As we finally have a proper testing setup now, I included some numbers below:

thanks!

benchmarks.png

view this post on Zulip Wolfgang Meier (Apr 11 2024 at 13:25):

I'd be quite interested to learn why Node is quite a bit better on our benchmarks...?

view this post on Zulip Lann Martin (Apr 11 2024 at 14:16):

Node uses V8, which has a multi-phase compilation pipeline: https://v8.dev/docs/wasm-compilation-pipeline

view this post on Zulip Lann Martin (Apr 11 2024 at 14:18):

This includes a very quick startup baseline compiler (Liftoff) that has "pretty good" performance

view this post on Zulip Lann Martin (Apr 11 2024 at 14:19):

There is a very work-in-progress backend for wasmtime called winch which I believe has similar goals

view this post on Zulip Alex Crichton (Apr 11 2024 at 14:24):

Would you be able to share what you're benchmarking in terms of code/setup/etc? Sounds like the lion's share of improvements, separating compile time from what you're benchmarking, worked well but further improvements may require a bit more careful analysis of what exactly node is doing and how Wasmtime is setup and/or configured.

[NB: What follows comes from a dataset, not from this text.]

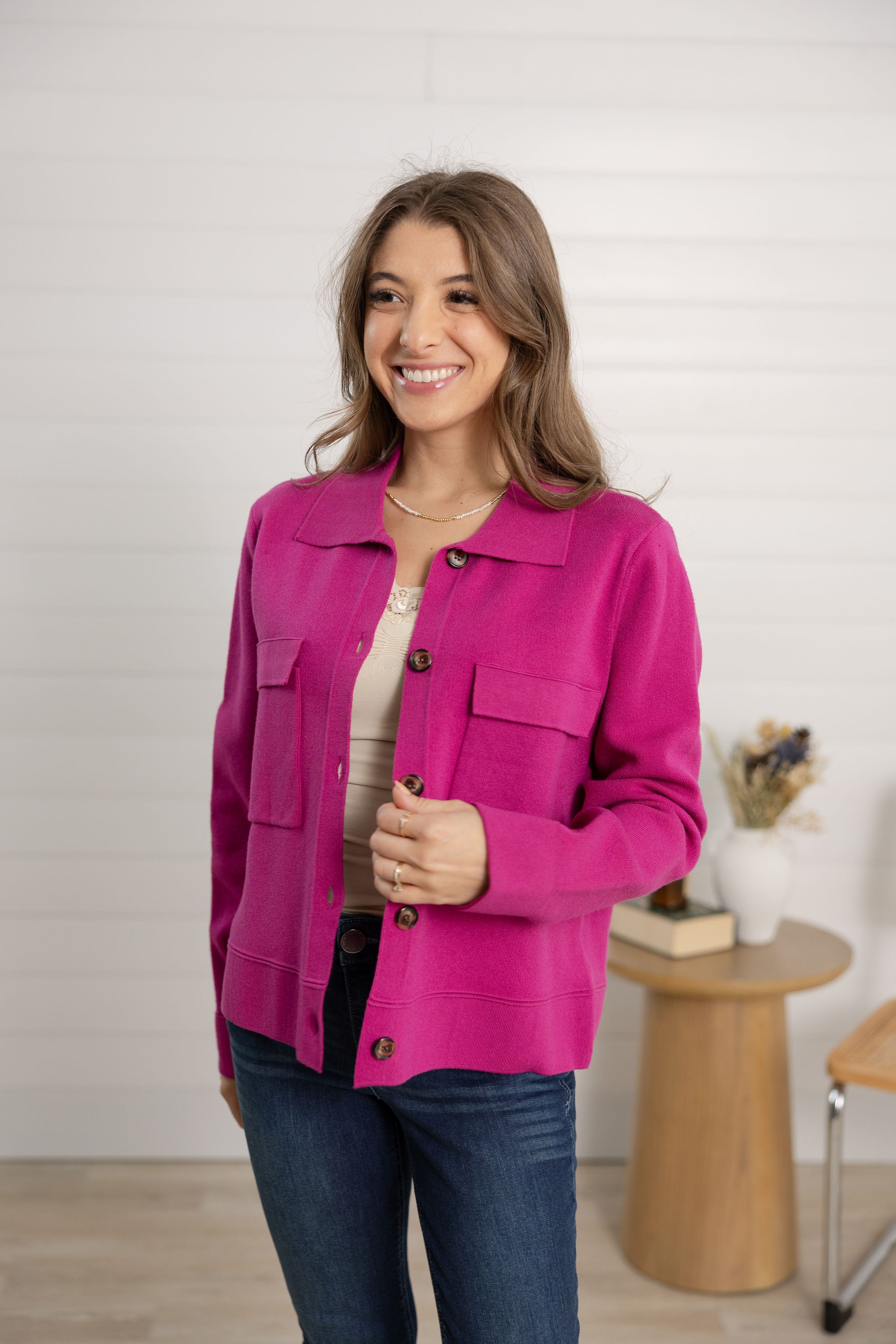 Closure: Front button closure with dark tortoiseshell-style buttons

view this post on Zulip Wolfgang Meier (Apr 12 2024 at 07:06):

Sure!
Everything for testing is in this repo, this includes the binaries generated by different versions of our compiler (best), benchmark.py to provide a CLI for benchmarking.
It calls run-wasmtime.py and run-node.js in the same folder, which measure one run. Multiple runs are aggregated by benchmark.py.

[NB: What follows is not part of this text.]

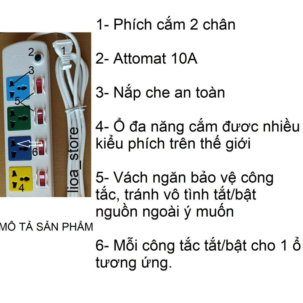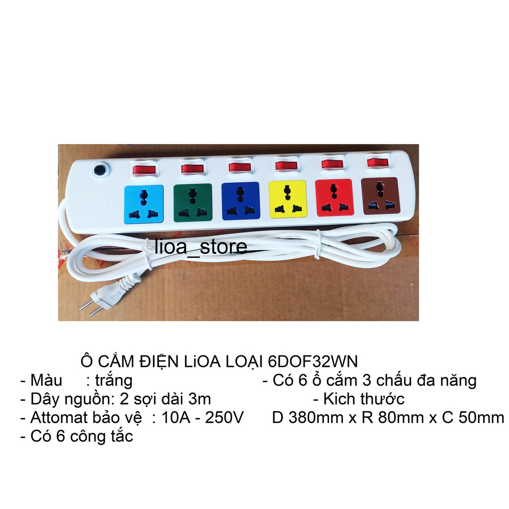 -- Ổ cắm dân dụng Lioa 6DOF32WN-10A là loại ổ cắn có 6 ổ Đa năng cắm dc hầu hết các kiểu phích trên thế giớ ( cắm phích 3 chân kiểu ANH, MĨ,, ÚC NHẬT.... kiểu.2 chân ( TRÒN VÀ DẸT dc thiết kế ĐỘC ĐÁO với 6 công tắc tương ứng với 6 ổ cắm tạo nên sự khác biệt vs ổ cắm thông dụng khác. mẫu mã đep.và sang trọng tiện lợi cho người SD, vỏ dc làm bằng nhựa ABS có khả năng chịu nhiệt cao,chịu va đập tác động bên ngoài,.NHÍP ĐỒNG bên trong dc chế tạo từ đồng đàn hồi nhập khẩu, tiếp xúc tốt ko lỏng lẻo,ko đánh lửa đảm bảo AN TOÀN tuyệt đối cho người SD.

I obtained the above numbers like this (in the folder evaluation):
$./benchmark.py --folder binaries/non-cps-grow-mem-func-mrch-24-24/ --engine=node --wasm-opt --coalesce-locals
$./benchmark.py --folder binaries/non-cps-grow-mem-func-mrch-24-24/ --engine=wasmtime --wasm-opt --coalesce-locals

Some more background information:

Contribute to womeier/certicoqwasm-testing development by creating an account on GitHub.
Contribute to womeier/certicoqwasm-testing development by creating an account on GitHub.
Contribute to womeier/certicoqwasm-testing development by creating an account on GitHub.
Contribute to womeier/certicoqwasm-testing development by creating an account on GitHub.
Contribute to womeier/certicoqwasm-testing development by creating an account on GitHub.
Contribute to womeier/certicoqwasm development by creating an account on GitHub.
Contribute to womeier/certicoqwasm development by creating an account on GitHub.

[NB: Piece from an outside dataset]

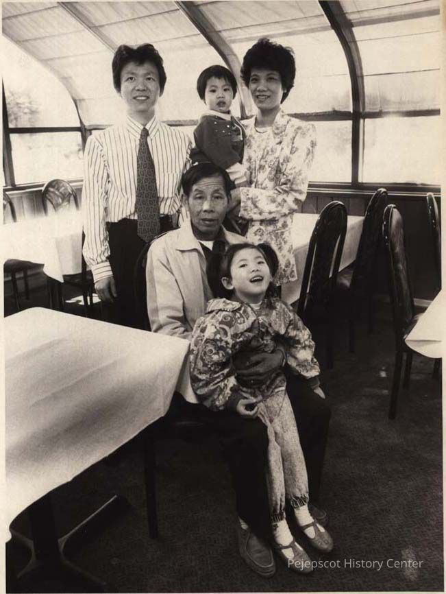 A B/W photographic view of the Wang family, (back row l to r) Joseph, Jason, Lolo (seated) Hofa (father-in-law) and Connie. They are the owners of the China Pearl restaurant on 71 Cumberland Street.

view this post on Zulip Wolfgang Meier (Apr 12 2024 at 10:22):

I have a separate but related, concrete performance issue as well:

If we, instead of this fragment

some_check
if
  return
end
...

generate

some_check
br_if i
...

we measure the following:

I am of the opinion that generating the br_if is the correct way to do it, but I don't want to include this change if it makes wasmtime that much slower.

br_if.png

view this post on Zulip Alex Crichton (Apr 12 2024 at 14:44):

Ah ok this is interesting! Cranelift is known to not do the same degree of optimizations of other compilers, for example LLVM and v8, and it's generally expected that Cranelift's performance will only be on-par if the input code has been run through an optimizer beforehand. For LLVM-generated code that's typically the case, but for hand-generated code we recommend running through an optimizer like wasm-opt first (with all of its bits and pieces turned on).

Not to say that what you're finding with br_if vs if return end isn't a bug of course. That'd still be good to fix, but in general it's expected that Cranelift will lose-out performance wise against v8 if the input wasm wasn't itself optimized

view this post on Zulip Chris Fallin (Apr 12 2024 at 17:36):

FWIW (for Wolfgang), Cranelift has been gaining a bunch of optimization infrastructure over the past few years (and in some benchmarks is seen to be ~at parity with V8); so "much simpler and needs pre-optimization" is becoming less true. Strictly speaking the only missing "fundamental optimization" is inlining; most everything else one expects from e.g. -O2 is there (GVN, LICM, constant prop, alias analysis and related transforms, a bunch of simplification rules).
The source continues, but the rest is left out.